? ?
Lakeshore
An author of no particular popularity

Jay Lake
Date: 2009-04-04 07:07
Subject: [links] Link salad makes crackling breakfast
Security: Public
Tags:cool, culture, links, personal, process, publishing, science, tech, weird, writing
What's the difference between story and plot?io9 is thoughtful.

truepenny on on publishing and series — More thoughtfulness. And definitely read the comments threads with care. What, did they put smart in the 'tubes today?

arcaedia on queries and agents

Dark Roasted Blend with narrow buildings

Giant sea worm infests British aquarium

Google Voice — Some cool tech.

Large ice shelf expected to break from Antarctica — More liberal global warming propaganda from that commie traitor Mother Nature. (Thanks to danjite.)

?otD: Bacon: animal, mineral or vegetable?
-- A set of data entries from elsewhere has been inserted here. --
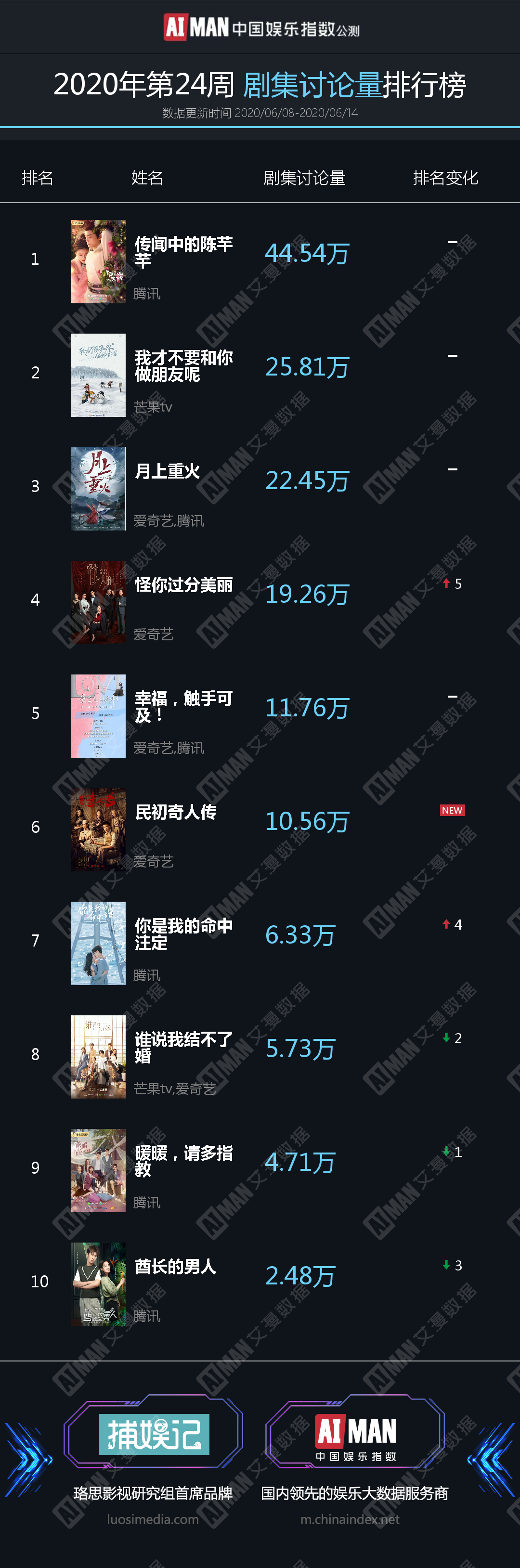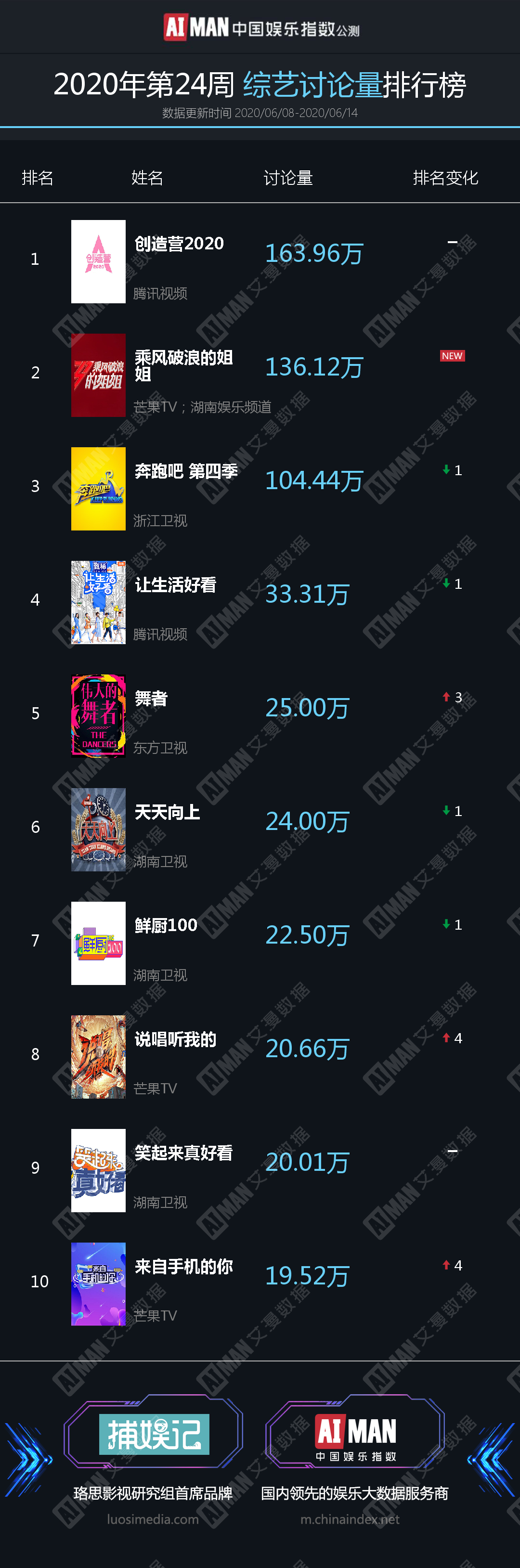 2020年第24周热榜 | 北京暂停开放文化娱乐场所,6月将是“姐姐”们的天下
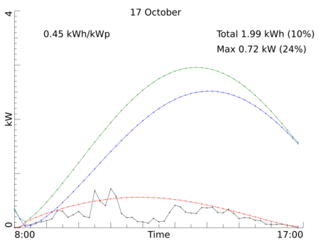 Day by day production, October 2015Our PV installation registers the average power over every 10 minute interval during the day. Here are the per-day production graphs for the month October 2015. Every graph shows (in black) the observed power averaged over 10 minute intervals. In text you find the maximum observed power, the total production in kWh for the entire day, and the production per kW-peak of the system. Both the total production and the maximum power also are given as percentage of a model calculation for our system if the day would have been fully sunny. The model calculation is drawn in three colored curves: red for the side-roof (east-south-east), blue for the front roof of the house (south-south-west), and green for the sum of those two. Click on any graph to see a bigger version. Back to the overall statistics ![]() ![]() ![]() ![]() ![]() ![]() ![]() ![]() ![]() ![]() ![]() ![]() ![]() ![]() ![]() ![]() ![]() ![]() ![]() ![]() ![]() ![]() ![]() ![]() ![]() ![]() ![]() ![]() ![]() ![]() ![]() Total production this month: 291.18 kWh |
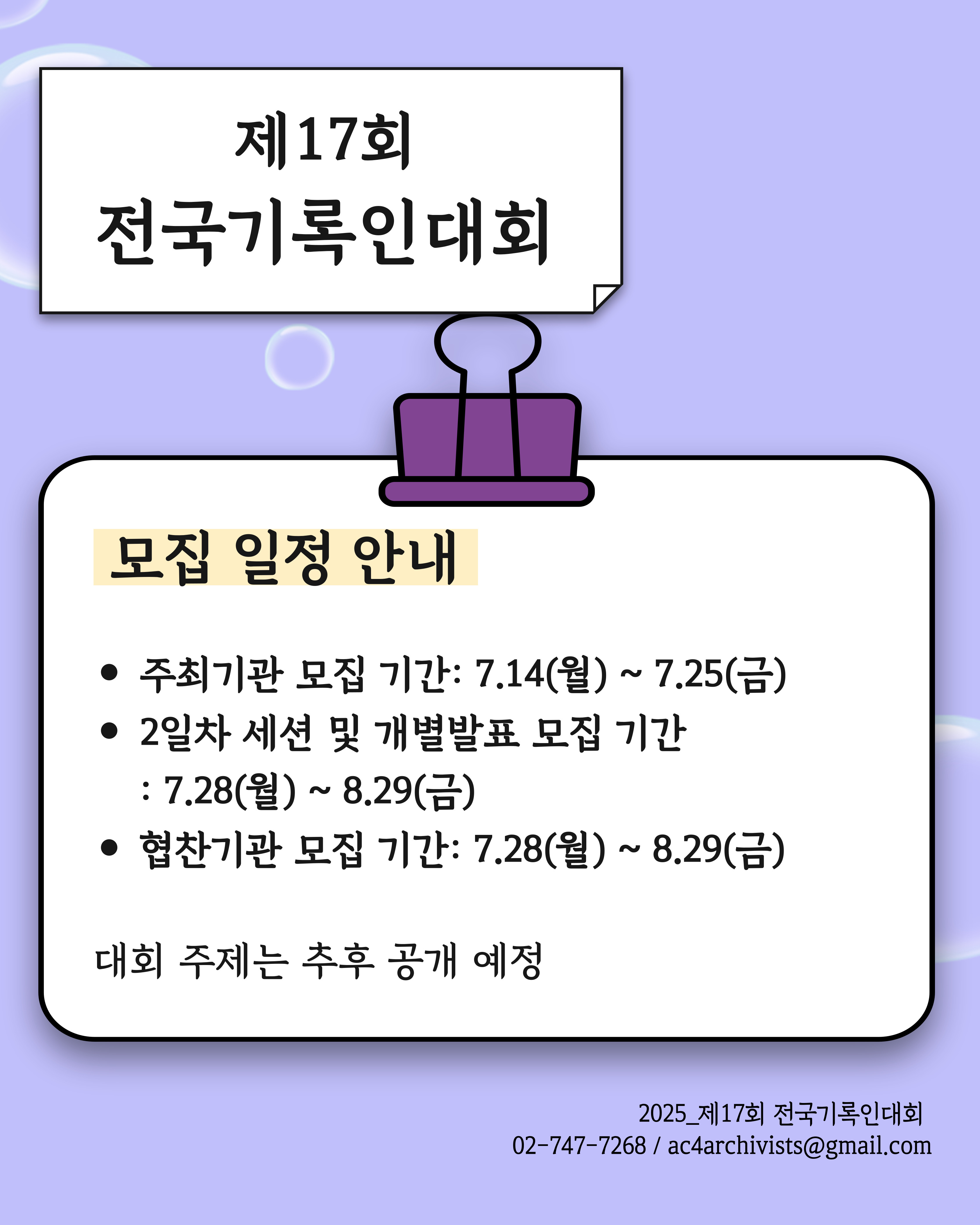 | [공지] 제17회 전국기록인대회 2일차 세션·발표 모집, 협찬기관 모집 D-9 (0) | 2025.08.20 |
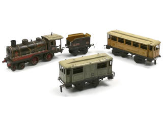 comprend : locomotive à vapeur type 220 avec tender 'ETAT' & moteur à clef (fonctionne), voiture-restaurant (manque un axe & 2 roues) & wagon-fourgon à bagages - petites traces d'oxydation
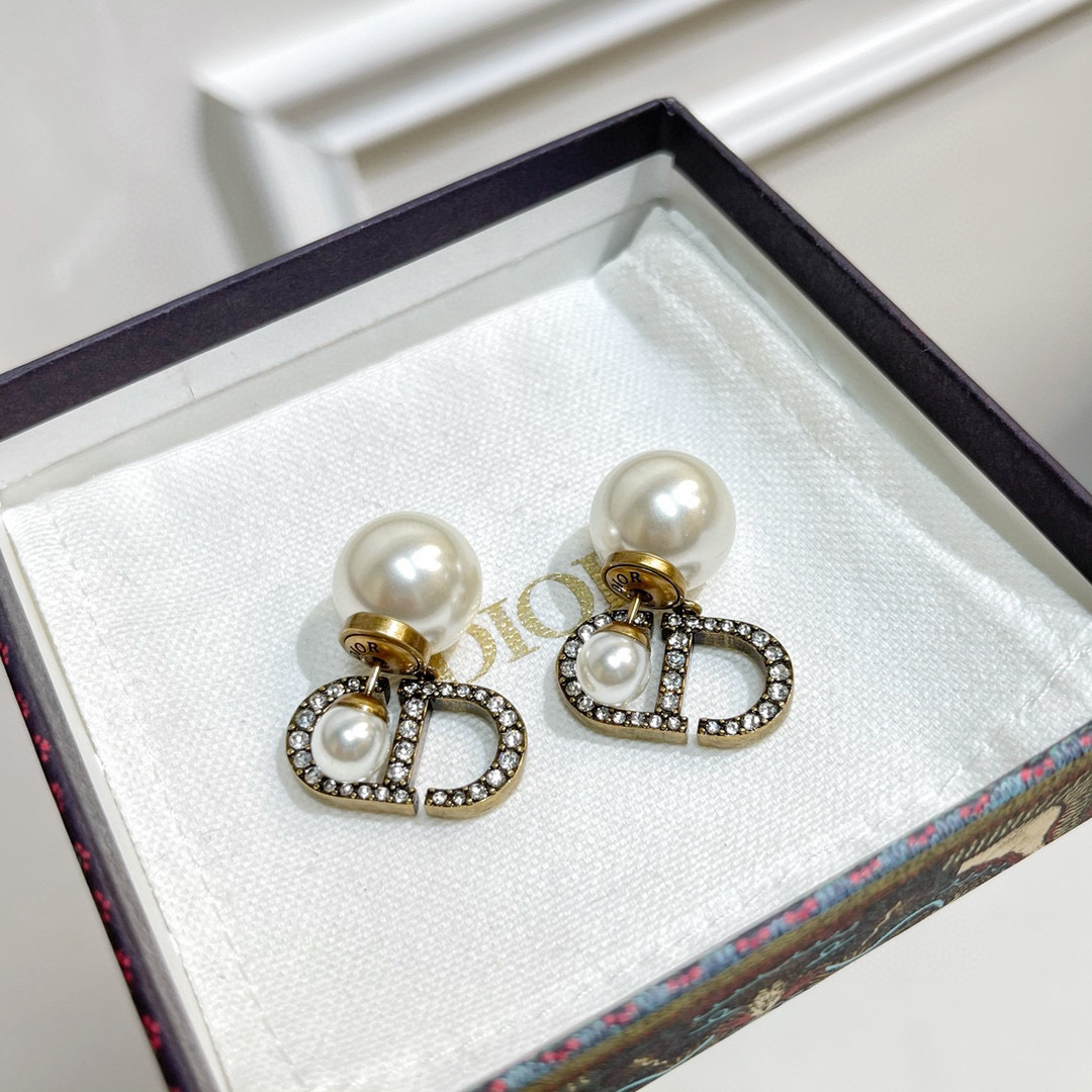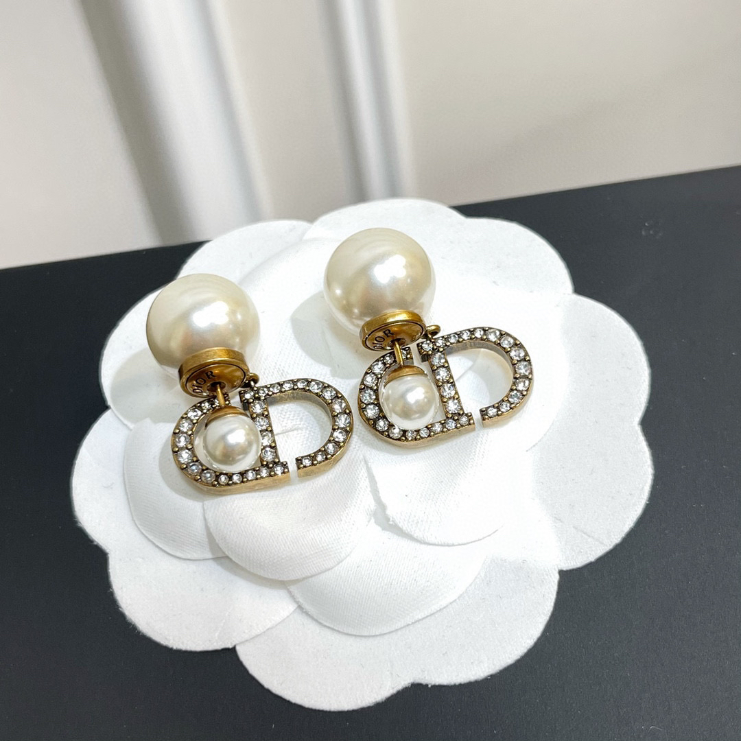 DIOR迪奥满钻CD珍珠耳钉耳环

Show your work.




4/4/2009
Body movement: 30 minute stationary bike ride
This morning's weigh-in: 219.6
Currently reading: The Confidence-Man: His Masquerade by Herman Melville; Making Money by Terry Pratchett

Originally published at jlake.com.

Post A Comment | 5 Comments | | Flag | Link






Kenneth Mark Hoover
User: kmarkhoover
Date: 2009-04-04 15:34 (UTC)
Subject: (no subject)
Good link for that post on series. I must say, is there anyone out there who can figure out the labyrinthine minds of those who work in marketing? Many of their decisions seem to make no sense whatsoever.
Reply | Thread | Link



Book Universe: MugShotCat
User: bookuniverse
Date: 2009-04-04 21:56 (UTC)
Subject: (no subject)
Keyword:MugShotCat
Just added my own little rant on that topic to the original post. Never mind "First thing we do, let's shoot all the lawyers"... I want the MBAs and Marketing/Sales f*ckwits to be First Up Against The Wall...
Reply | Parent | Thread | Link



ericjamesstone
User: ericjamesstone
Date: 2009-04-04 23:43 (UTC)
Subject: (no subject)
From the ice shelf article:

> Scientists are investigating the causes for the breakups and
> whether it is linked to global climate change.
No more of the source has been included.